VMware Cloud Community
Cipo800
Enthusiast
Enthusiast

vsan 7.0U3 Stretched cluster site/witness failure resiliency

Hi guys, I just read the release notes of the 7.0U3 and this new feature is very interesting in my environment: 6 Vxrail nodes splitted on two building, witness temporary in one of the two building.

  • Stretched cluster site/witness failure resiliency. This release enables stretched clusters to tolerate planned or unplanned downtime of a site and the witness. You can perform site-wide maintenance (such as power or networking) without concerns about witness availability. 

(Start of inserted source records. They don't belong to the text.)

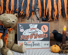 HTF PRIMITIVE VINTAGE RETRO MODERN STYLE HALLOWEEN BAG O TREATS ADVERTISING SIGN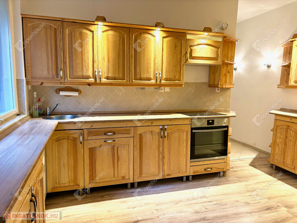 - méretre tervezett, sok pakolási lehetőséget nyújtó konyhabútor, beépített sütővel és tűzhellyel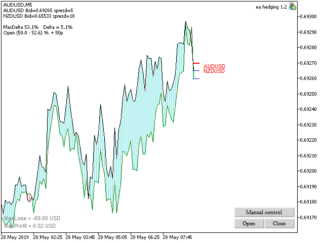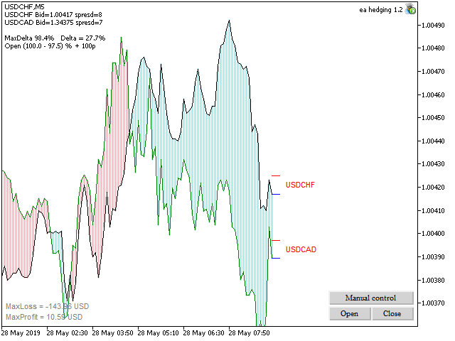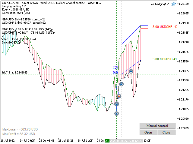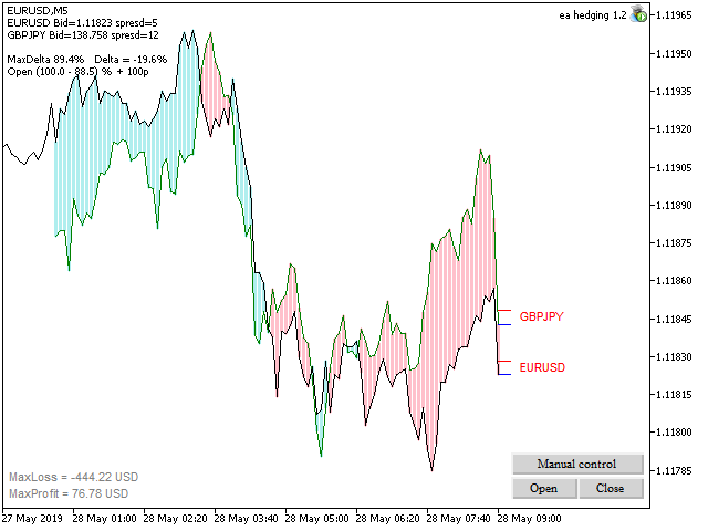 如果您愿意,您可以将EA转移到手动交易。要做到这一点,在右下角有三个按钮手动-将EA置于手动模式。 同时他不开仓或平仓。打开按钮将打开两个仪器在Delta收敛方向的一对计数器位置。关闭按钮关闭所有仓位。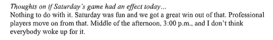 Coach Gerard Gallant was disappointed with the team’s effort and said the squad didn’t appear ready to play for the 3 p.m. start Monday. Gallant’s post-game press conference lasted two minutes and 30 seconds. He’s not too chatty after losses.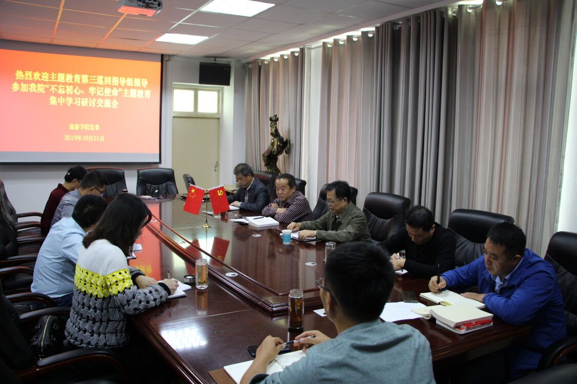 10月21日,校“不忘初心,牢记使命”主题教育第三巡回指导组组长、正处级组织员刘根货,成员、组织部副部长姜兴周参加风月ai 集中学习交流。风月ai 党委书记曹明贵、副院长潘国兵、党委副书记张晓峰和党支部书记参加了会议。会议由曹明贵主持。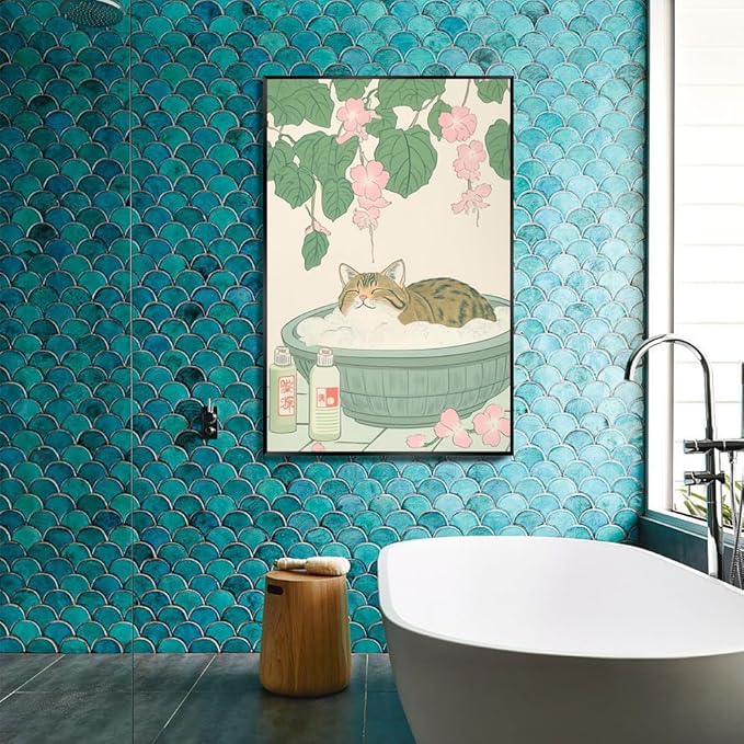 - Cat Artwork: The cute cat wall art features playful and unique illustrations, and its comical cat design brings a relaxed and pleasant atmosphere to your bathroom space.

This means that I don't need anymore to move the witness in a third site or to external cloud? How it works?

 

Thanks

0 Kudos
3 Replies
nkaneda
Enthusiast
Enthusiast

This means that I don't need anymore to move the witness in a third site or to external cloud? How it works?

No. In my understanding, it's still the same requirement for witness site.

How it works, is described in external blog.

vSAN 7.0 U3 enhanced stretched cluster resiliency, what is it? | Yellow Bricks (yellow-bricks.com)

 

Let's say, DC A and witness are in the same site A', and DC B is in the site B', in this case, if the site A' becomes totally down, all the object in DC B also becomes down because of loss of quorum.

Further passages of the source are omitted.